Saving the Jordan Home


  • April 9, 2014
  • /   Reggie Dogan
  • /   community-dashboard

A group of concerned citizens wants to turn a house back into a home.

The Ella Jordan Home, once a gathering place for a host of community activities in the early 1900s near the Belmont-DeVilliers neighborhood, has fallen to disrepair as a result of neglect and hurricane damage.

The plan is to preserve the legacy and life of Ella Jordan by restoring the house to its elegance and importance in the historic neighborhood.

A “Campaign to Save the Historical Ella Jordan Home” will be hosted at 5 p.m. Saturday at Booker T. Washington High School’s Theodore Auditorium, 6000 College Parkway.

Keynote speaker is Faya Ora Rose Toure, a Harvard-educated civil rights activist and litigation attorney in Selma, Ala.

Toure, formerly named Rose Sanders, was the first African-American female judge in Alabama. She was part of the winning team in a civil rights case that led to a billion dollars in damages awarded to black farmers by the U.S Department of Agriculture, one of the largest civil rights cases in history.

Also a songwriter, playwright and education activist, Toure is an ideal person to raise awareness and bring attention to the efforts to save the Ella Jordan Home.

Jordan, the first president of Pensacola Federation of Colored Women’s Clubs, owned the house until she died in 1948.

Federation members bought the house, on the corner of LaRua and C streets, in 1959 and named it after Jordan. It became a gathering spot for social and educational activities for the African-American community in the what's commonly called today the Westside Garden District.

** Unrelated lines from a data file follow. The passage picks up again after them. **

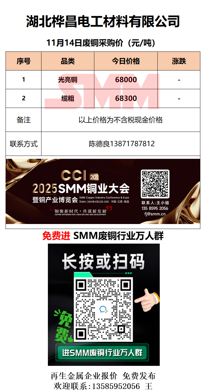 今日湖北桦昌 废铜采购报价已更新,有货的朋友欢迎联系我们!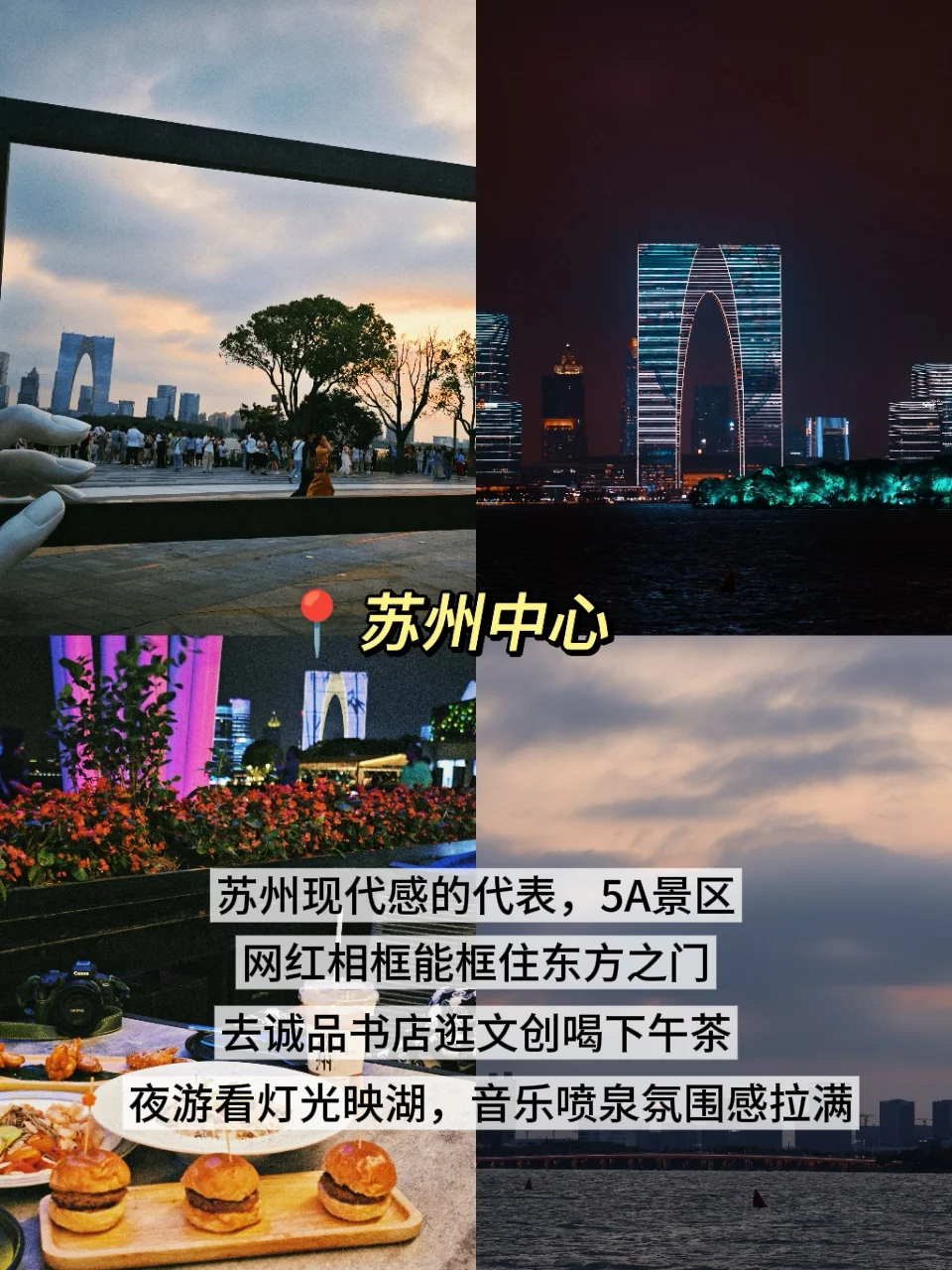 8️⃣金鸡湖:苏州现代感代表,环湖步道散步骑行,网红相框框东方之门,夜景超震撼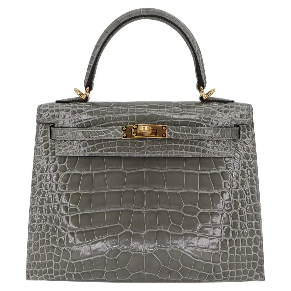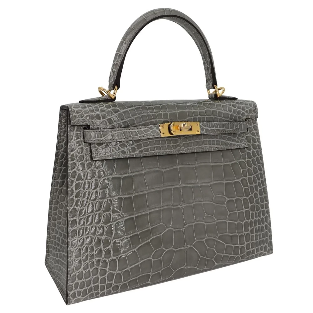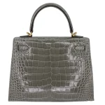 Best Replica Hermes – Kelly 25 Sellier Gris Cement Shiny Alligator Gold HW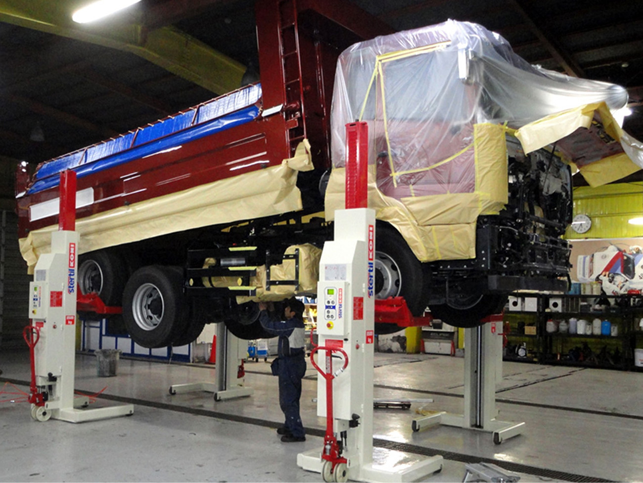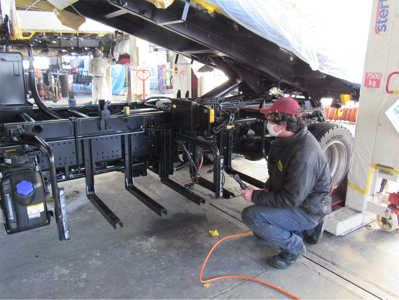 作業する車輌はトラックや観光・路線バスやダンプカー、ゴミ収集車、検診車など。車業界特有の春冬繁忙はなく、年間通して一定量の作業量なのも働きやすさの一つです。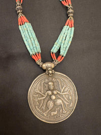 The Maa Kali Tribal Statement piece combines bold tribal artistry with vibrant turquoise and coral stones, creating a striking accessory that reflects cultural richness and timeless elegance. This carefully crafted design enhances your ensemble with a distinct ethnic charm, perfect for making a confident style statement. Ideal for those who appreciate expert craftsmanship and meaningful symbolism.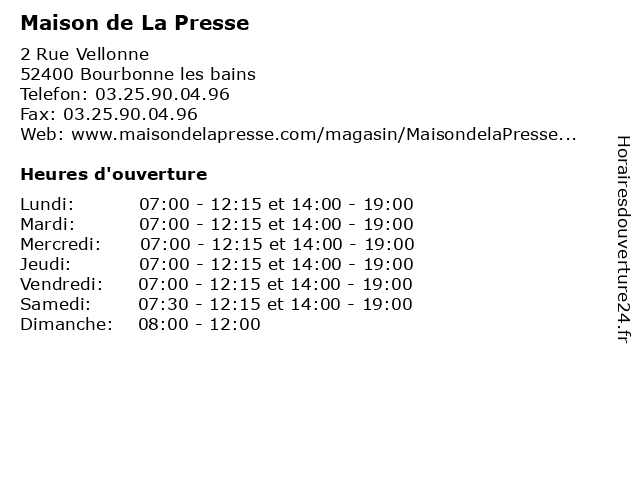 | Mardi | 07:00-12:15 et 14:00-19:00 |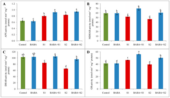 Effect of BABA on activity of APX (A), MDHAR (B), DHAR (C), and GR (D) of rapeseed (Brassica napus L.) seedlings exposed to different concentrations of salt stress. Means (± SD) were calculated from three replications (n = 3) for each treatment. Average of three replications (n = 3) was used to determine mean (± SD) for each treatment. Letters with different values varied significantly at p ≤ 0.05 according to Fisher’s LSD test. Here, BABA, S1 and S2 indicate 150 μM β-aminobutyric acid, 100 mM NaCl and 150 mM NaCl, respectively.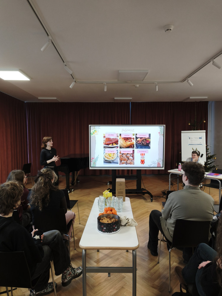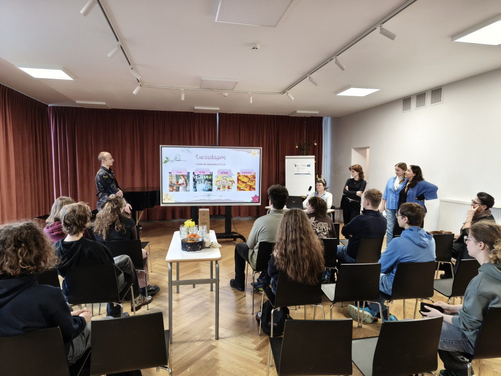 Podczas spotkania nasi studenci zaprezentowali tradycje związane z obchodami dnia św. Łucji, opowiedzieli o norweskich zwyczajach oraz przybliżyli słownictwo towarzyszące tym obrzędom. Wspólnie nauczyliśmy się i wykonaliśmy klasyczną norweską piosenkę Musevisa, co stało się radosnym i integrującym akcentem zajęć.

In 2004, Hurricane Ivan nearly destroyed the dilapidated remains of the historic house.

Once a neighborhood cornerstone, the house is barely standing and in desperate need of repair and restoration. Windows and doors are boarded. The heavily damaged roof is covered with a blue tarp.

Members of the community, along with Mother Wit Institute, a nonprofit group dedicated to educating young people and preserving African-American history, have joined together to save revitalize the landmark.

Georgia Blackmon, founding member of Mother Wit Institute, said it would be a shame to lose this significant piece of Pensacola history.

Blackmon said activities at the Jordan Home focused on important issues such as health and wellness, economics, education and tutoring.

“It’s worth saving because of what she did in the 1900s through providing and teaching life skills,” Blackmon said. “We need to keep her legacy alive for the next generation and even the unborn.”